What to do if ICE shows up at your workplace

(Francisco Kjolseth | The Salt Lake Tribune) People gather on the steps of the Utah Capitol in support of immigrants for the Voices Ignited Rally on Wednesday, Jan 29, 2025.

Much of ICE’s workplace enforcement happens through I-9 investigations, where employers are required to hand over identifying documents confirming the legal status of their employees, Tester said.

She said employers can face criminal and civil penalties if they don’t have the proper I-9 documents.

“If enforcement wants to punish employers to say, ‘You shouldn’t be hiring or attracting or maintaining relationships with undocumented workers,’” Tester said, “this is another really effective way to do it.”

To prepare for such investigations, she said employers can make sure they have their I-9s on hand and preemptively speak with an attorney.

In industries that ICE is more likely to assume undocumented immigrants are working — at restaurants, golf courses, hotels and in tourism — she said agents are more likely to show up in person without telling the employer.

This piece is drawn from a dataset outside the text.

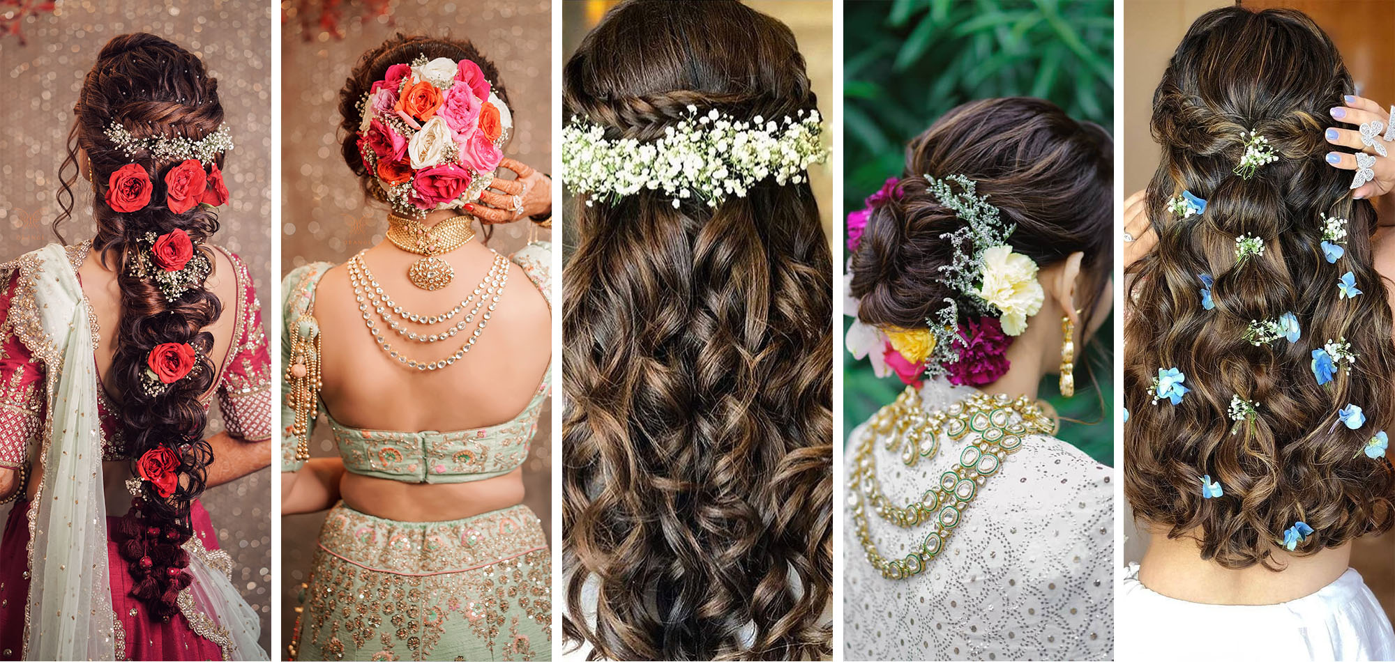 It is one of the trendiest hairstyles doing the rounds this wedding season and looks extremely chic and sophisticated. Undoubtedly, this hairdo is going to enhance the beauty of the entire outfit by ten folds. From the basic white baby breath’s flowers to playing with coloured florets like pink, blue and purple, this hairdo is sure to create a style statement. It is perfect for engagement, sangeet or mehendi functions as it is a light hairstyle that gives the bride a joyous and youthful look. The hairdo will make for a divine look for the bride on her special day.

Ciriac Alvarez, a senior policy analyst for the nonprofit Voices for Utah Children, said it can be good to speak with employers about a plan in case ICE comes by.

She suggested that certain staff members could be prepared to act as a point of contact, knowing ahead of time not divulge any information that they don’t need to.

“It’s a little bit different if it’s a public area,” she said. “But within the actual private area, they do need to have a judicial warrant signed by a judge, and it has to say U.S. District Court or state court at the top.”

To protect employees, Tester said, employers can clearly post which areas are public and private. They can also have policies about who is allowed to share employee information and who in the business should be contacted about any ICE requests.

Even if someone is considered high enough in a chain of command to release information, she said they are still likely to get in touch with their employer first before doing so to make sure they’re acting lawfully. They might not be able to give out certain information.

Often, she said, ICE agents will ask about worker schedules in order to try and pick up someone outside of a workplace. From what she’s seen in the past, she said, ICE would rather detain people on the street than in a home or business.

‘Your friends, your neighbors, your family’

Gardner said Holy Cross Ministries has been in Utah for almost 30 years, initially founded by “a fierce, feisty social justice group of Catholic nuns” after they sold off hospitals that they used to manage.

Wanting to invest that revenue into an important Utah cause, she said a listening tour helped them identify a need among the state’s immigrant population — in which they found many survivors of domestic violence, human trafficking and sexual assault.

Now, Gardner said Holy Cross Ministries works to humanize immigrants.

The state of Utah has about 299,800 immigrant residents, the American Immigration Council has determined, according to 2022 data. Of those, 114,200 were considered undocumented.

“These are your friends, your neighbors, your family,” she said. “Can we come back to just assuming good intent and being good humans to one another?”

Clarification • Jan. 30, 4:50 p.m.: The story has been updated to clarify that Holy Cross Ministries CEO Emmie Gardner separately sits on the Utah Multicultural Commission as a volunteer, which is housed under the Utah Division of Multicultural Affairs.